When using scanf()/fscanf() to read data into a string (or array), you must use the field-width modifier to limit the number of values read into your array to avoid writing beyond the end of your array invoking Undefined Behavior if an input exceeds your array bounds. This applies whenever you use scanf()/fscanf()/sscanf() (the entire family). Use without a field-width modifier to read array data is no better than using gets() .
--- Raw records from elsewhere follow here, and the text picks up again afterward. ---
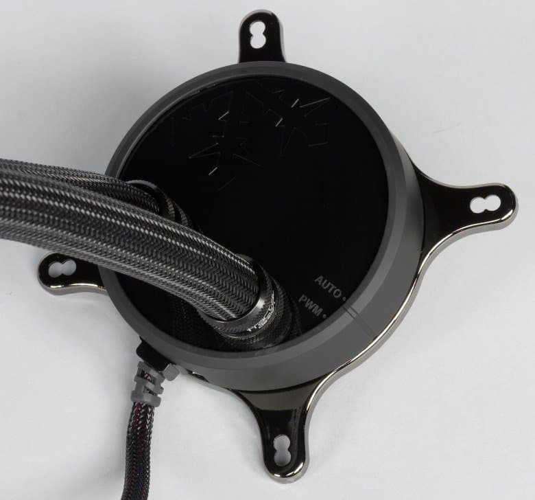 Это очень удобно, так как нет необходимости протягивать кабели от вентиляторов внутри корпуса. Кабель к разъемам для подключения вентиляторов идет от помпы под оплеткой одного из шлангов. На вентиляторы подается питание и сигнал с ШИМ, скорость вращения вентиляторов никак не отслеживается. К разъему на кабеле от помпы подключен датчик вращения самой помпы. В итоге подключение максимально упрощено, так как пользователю достаточно подключить вентиляторы к разъемам на радиаторе, а кабель от помпы к разъему для процессорного охладителя на материнской плате. Оставив переключатель режимов в положении Auto, пользователь сразу и без дополнительной настройки и использования какого-либо ПО получает работающую систему охлаждения с оптимальными, по мнению производителя, параметрами. При необходимости пользователь может вмешиваться в работу системы, выбрав кольцом помпы режим PWM и изменяя скважность управляющих импульсов вручную или с помощью функций BIOS Setup материнской платы или стороннего ПО. Дополнительно можно отсоединить кабели вентиляторов от разъеме на радиаторе и управлять скоростью их вращения отдельно.
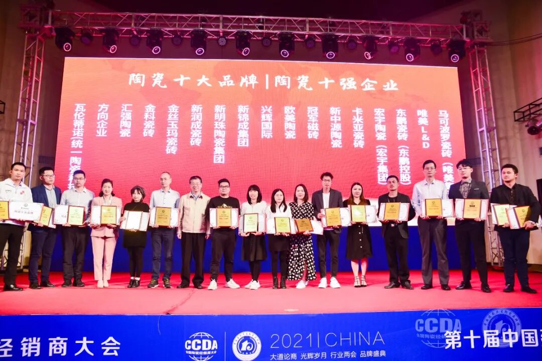 本次会议作为当前中国建筑材料领域最具影响力的权威盛会,吸引了国家行业协会领导、数百位行业品牌企业大咖以及主流媒体齐聚一堂,共商论道,为陶卫行业未来发展助力。会上,欧美陶瓷作为优秀企业代表应邀出席,并在第十届中国建筑卫生陶瓷品牌榜揭晓中,凭借强大的品牌实力,优质服务以及高品质产品,斩获“陶瓷十大品牌”、“ 工程瓷砖推荐品牌”两项大奖,荣光璀璨,闪耀“两会”。
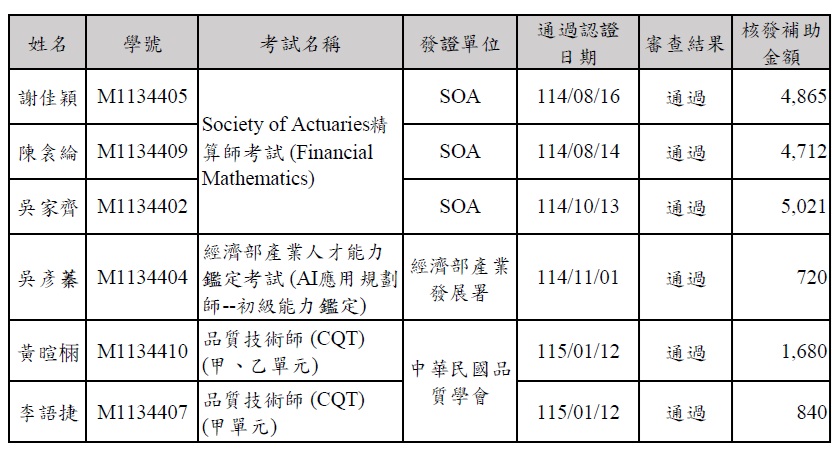 本所114學年度第1學期「獎勵學生通過專業認證考試補助案」,本次共計6位同學提出申請,審查結果如下:
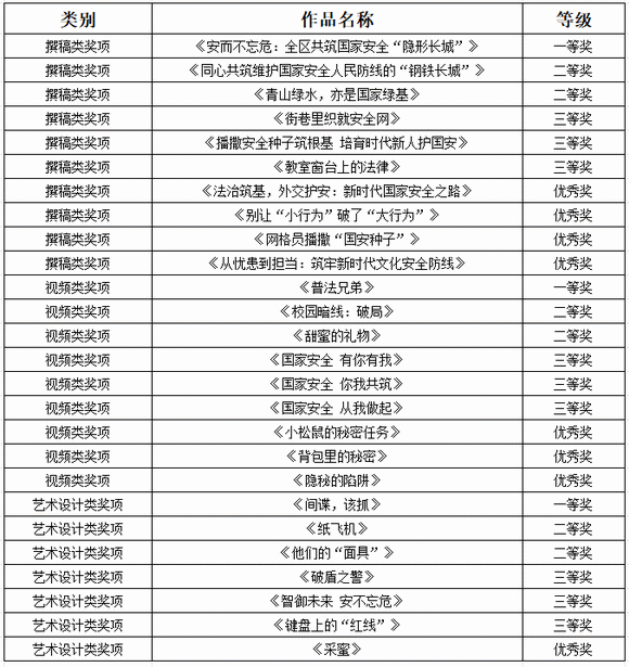 一纸文稿诉初心,一段影像传力量,一席设计绘担当。本次大赛覆盖撰稿、视频、艺术设计三大赛项,以多元形式诠释国安意义,颁奖仪式的圆满落幕,正是这份初心与担当的最好见证。国家安全,人人皆是主角,愿我们带着这份热忱,以笔为剑、以影为炬、以美为盾,将守护家国的信念融入日常,共筑平安防线,共护岁月静好!
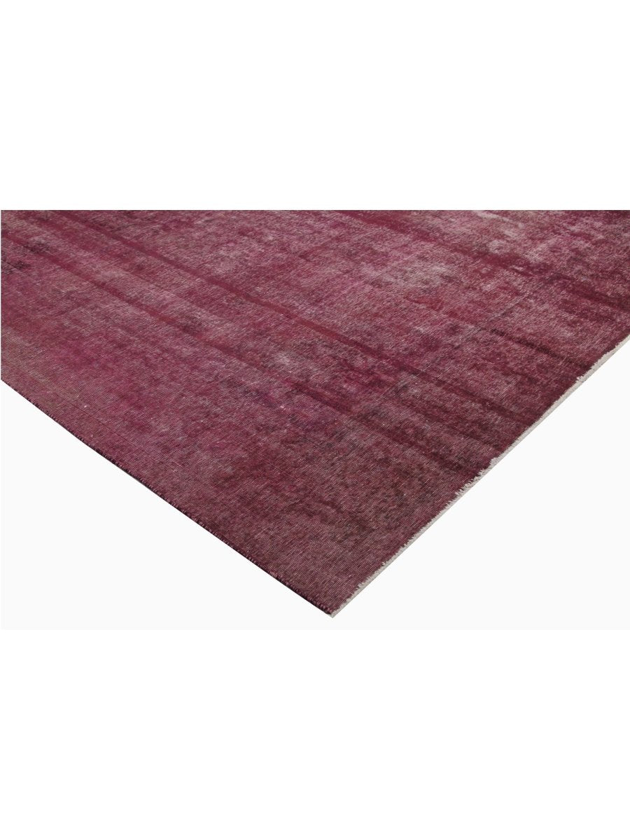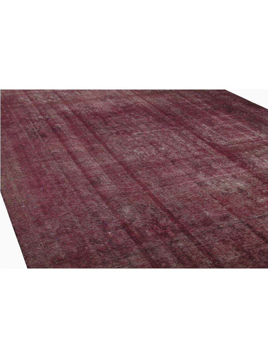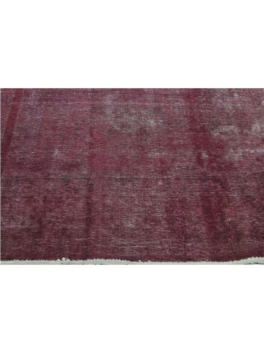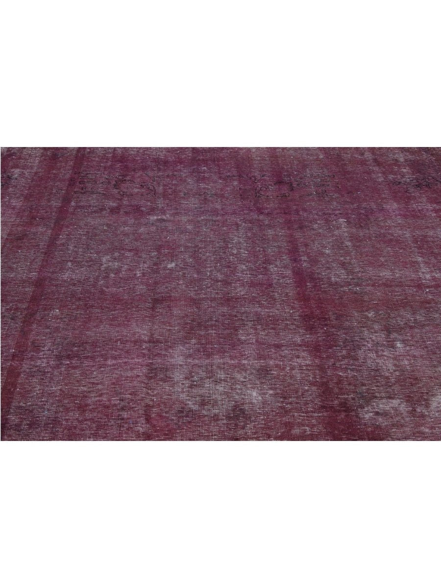 This one-of-a-kind 10x13 Vintage Distressed Overdyed Persian Area Rug is a masterful blend of classical craftsmanship and sleek design. Hand-knotted from durable wool in Persia, this rug features rich burgundy tones, creating a captivating over-dyed effect. The distressed finish reveals intricate underlying geometric patterns with no border, adding depth and character to the rug’s design.
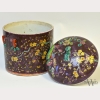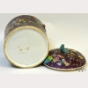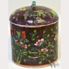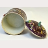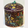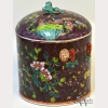 Mid 20th-Century Chinese Export Covered Jar, the cylindrical jar decorated with a bird on flowering prunus branches on a purple ground, mounted with a pair of raised and pierced flange handles at each side, one flange accompanied by a calligraphic seal and carved inscription, the domed top similarly decorated and mounted with an animal finial, the base with four character mark, with wear to surface and foot, appx. 9 3/4 in. H, 7 1/2 in. DIA.

So how to craft your format-string ? Let's look at an example struct with 4-members similar to what you show in your question, eg

...
#define MAXG 8      /* if you need a constant, #define one (or more) */
#define MAXP 32
#define MAXN 128

typedef struct {    /* struct with typedef */
    char name[MAXN], gender[MAXG];
    int iq, weight;
} person;
...

With your data as shown, and with the declaration for name being 128 characters and that for gender being 8 characters and the remaining two members being int types, you can do something similar to the following:

    int rtn;                                /* fscanf return */
    size_t n = 0;                           /* number of struct filled */
    person ppl[MAXP] = {{ .name = "" }};    /* array of person */
    ...
    while (n < MAXP &&  /* protect struct array bound, and each array bound below */
            (rtn = fscanf (fp, " %127[^\n]%d%d %7[^\n]", /* validate each read */
                    ppl[n].name, &ppl[n].iq, &ppl[n].weight, ppl[n].gender)) == 4)
        n++;            /* increment array index */

Looking specifically at the format string , you have:

    " %127[^\n]%d%d %7[^\n]"

where " %127[^\n]" , by virtue of the leading ' ' , consumes any leading whitespace, then reads at most 127 characters (you cannot use a variable or macro to specify field-width ), the characters are any character in the line that is NOT the '\n' character (allowing you to read whitespace as part of the name, eg "Mickey Mouse" ).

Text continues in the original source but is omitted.